用户可以通过"spark.serializer"，配置其他序列化器实现。spark目前有JavaSerializer、KryoSerializer、UnsafeRowSerializer三种序列化实现

closureSerializer闭包固定是JavaSerializer，不能配置

分析SerializerManager

SerializerManager类代码

/**
 * Component which configures serialization, compression and encryption for various Spark
 * components, including automatic selection of which [[Serializer]] to use for shuffles.
 */
private[spark] class SerializerManager(
    defaultSerializer: Serializer,
    conf: SparkConf,
    encryptionKey: Option[Array[Byte]]) {

  def this(defaultSerializer: Serializer, conf: SparkConf) = this(defaultSerializer, conf, None)
  // 创建KryoSerializer对象
  private[this] val kryoSerializer = new KryoSerializer(conf)
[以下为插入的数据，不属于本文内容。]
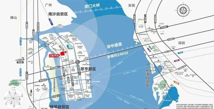 五维立体交通网:周边汇聚5大机场(宝安、白云、香港、澳门、珠海金湾)、3条地铁(中山2/4号线、广州18号线)、4条高速(中开、京珠、广澳、东部外环),无缝衔接湾区核心城市。

  // 设置Serializer的类加载器classloader。主要在kryoSerializer类的newKryo()方法里，Class.forName(classname, true, classloader)
  // https://issues-test.apache.org/jira/browse/SPARK-21928
  // 当用户自定义实现KryoRegistrator接口，register用户的类时，netty进行MessageToMessageDecoder会报ClassNotFoundException，所以newKryo()方法需要切换ClassLoader
  // 加载用户自定义的class文件时，切记ClassLoader的切换
  def setDefaultClassLoader(classLoader: ClassLoader): Unit = {
    kryoSerializer.setDefaultClassLoader(classLoader)
  }

  private[this] val stringClassTag: ClassTag[String] = implicitly[ClassTag[String]]
  
  // 原生类型及原生类型的数组类型: Boolean、Array[boolean]、Int、Array[int]
  private[this] val primitiveAndPrimitiveArrayClassTags: Set[ClassTag[_]] = {
    val primitiveClassTags = Set[ClassTag[_]](
      ClassTag.Boolean,
      ClassTag.Byte,
      ClassTag.Char,
      ClassTag.Double,
      ClassTag.Float,
      ClassTag.Int,
      ClassTag.Long,
      ClassTag.Null,
      ClassTag.Short
    )
    val arrayClassTags = primitiveClassTags.map(_.wrap)
    primitiveClassTags ++ arrayClassTags
  }

  // 广播对象、Shuffle输出数据、RDD、溢出到磁盘的Shuffle数据，是否压缩配置
  // Whether to compress broadcast variables that are stored
  private[this] val compressBroadcast = conf.getBoolean("spark.broadcast.compress", true)
  // Whether to compress shuffle output that are stored
  private[this] val compressShuffle = conf.getBoolean("spark.shuffle.compress", true)
  // Whether to compress RDD partitions that are stored serialized
  private[this] val compressRdds = conf.getBoolean("spark.rdd.compress", false)
  // Whether to compress shuffle output temporarily spilled to disk
  private[this] val compressShuffleSpill = conf.getBoolean("spark.shuffle.spill.compress", true)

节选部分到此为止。